Edinburgh Speech Tools  2.1-release
EST_Track class example code

Some examples of track manipulations.

Initialising and Resizing a Track

The constructor functions can be used to create a track with zero frames and channels or a track with a specified number of frames and channels

//@ code
EST_Track tr; // default track declaration
EST_Track tra(500, 10); // allocate track with 500 frames and 10 channels
//@ endcode

tracks can be resized at any time:

//@ code
tr.resize(10, 500); // resize track to have 10 frames and 500 channels
tr.resize(500, 10); // resize track to have 500 frames and 10 channels
//@ endcode

by default, resizing preserves values in the track. This may involve copying some information, so if the existing values are not needed, a flag can be set which usually results in quicker resizing

//@ code
tr.resize(250, 5, 0); // throw away any existing values
//@ endcode

If only the number of channels or the number of frames needs to be changed, this an be done with the following functions:

//@ code
tr.set_num_channels(10); // makes 10 channels, keeps same no of frames
tr.set_num_frames(400); // makes 400 frames, keeps same no of channels
//@ endcode

The preserve flag works in the same way with these functions

Simple Access

Values in the track can be accessed and set by frame number and channel number.

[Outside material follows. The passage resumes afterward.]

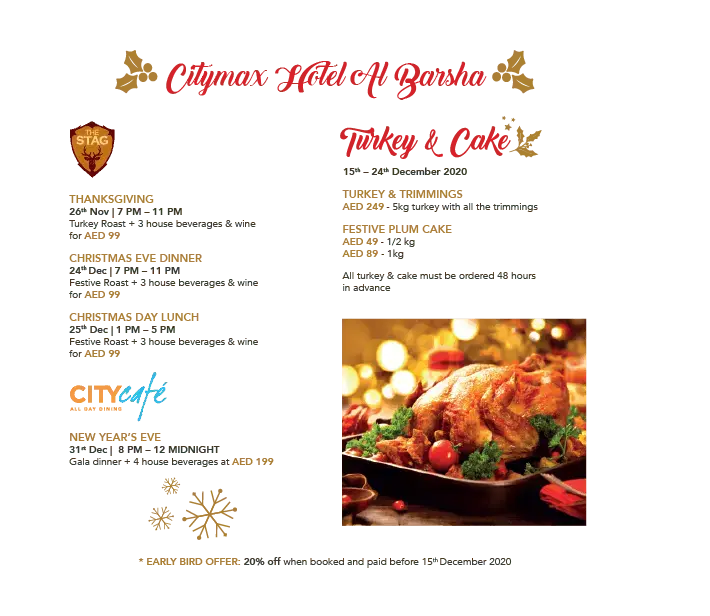 Plus leading up to Christmas Day, you can enjoy delicious turkey or festive plum cakes from Citymax Hotel Al Barsha and Citymax Hotel Al Barsha at The Mall!

The following resizes a track to have 500 frames and 10 channels and fills every position with -5.

//@ code
tr.resize(500, 10);
for (i = 0; i < tr.num_frames(); ++i)
for (j = 0; j < tr.num_channels(); ++j)
tr.a(i, j) = -5.0;
//@ endcode

A well formed track will have a time value, specified in seconds, for every frame. The time array can be filled directly:

//@ code
for (i = 0; i < tr.num_frames(); ++i)
tr.t(i) = (float) i * 0.01;
//@ endcode

which fills the time array with values 0.01, 0.02, 0.03... 5.0. However, A shortcut function is provided for fixed frame spacing:

//@ code
tr.fill_time(0.1);
//@ endcode

which performs the same operation as above. Frames do not have to be evenly spaced, in pitch synchronous processing the time array holds the time position of each pitch period. In such cases each position in the time array must obviously be set individually.

Some representations have undefined values during certain sections of the track, for example the F0 value during unvoiced speech.

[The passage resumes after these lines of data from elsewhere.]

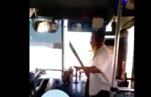 En un video que circula en redes, se puede observar en un primer momento a dos personas dentro de la unidad del transporte urbano que se hacen de palabra con el chofer, los dos visten pantalón negro con una camisa holgada de color blanco, uno de ellos con una chamarra.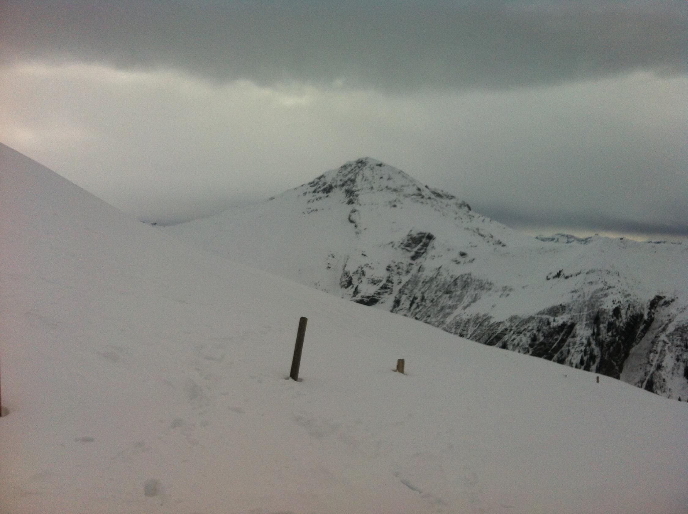 Abfahrt bis Alphütte Furggi und zu Fuss hoch bis Grimmifurggi. Ganze Abfahrt schöner Pulverschnee und bei defensiver Fahrweise kein Steinkontakt. Im steilem Waldstück nur kurz etwas Steine.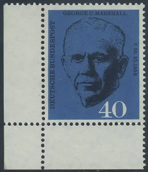 BUND 1960 Michel-Nummer 0344 postfrisch EINZELMARKE ECKRAND unten links

The break/value array can be used to specify if a frame has an undefined value.

If a frame in this array is 1, that means the amplitude is defined at that point. If 0, the amplitude is undefined. By default, every frame has a value.

Breaks (undefined values) can be set by EST_Track::set_break(). The following sets every frame from 50 to 99 as a break:

//@ code
for (i = 50; i < 100; ++i)
tr.set_break(i);
//@ endcode

frames can be turned back to values as follows:

//@ code
for (i = 50; i < 100; ++i)
tr.set_value(i);
//@ endcode

It is up to individual functions to decide how to interpret breaks.

A frame's status can be checked as follows:

//@ code
if (tr.val(60))
cout << "Frame 60 is not a break\n";
if (tr.track_break(60))
cout << "Frame 60 is a break\n";
//@ endcode

Naming Channels

While channels can be accessed by their index, it is often useful to give them names and refer to them by those names.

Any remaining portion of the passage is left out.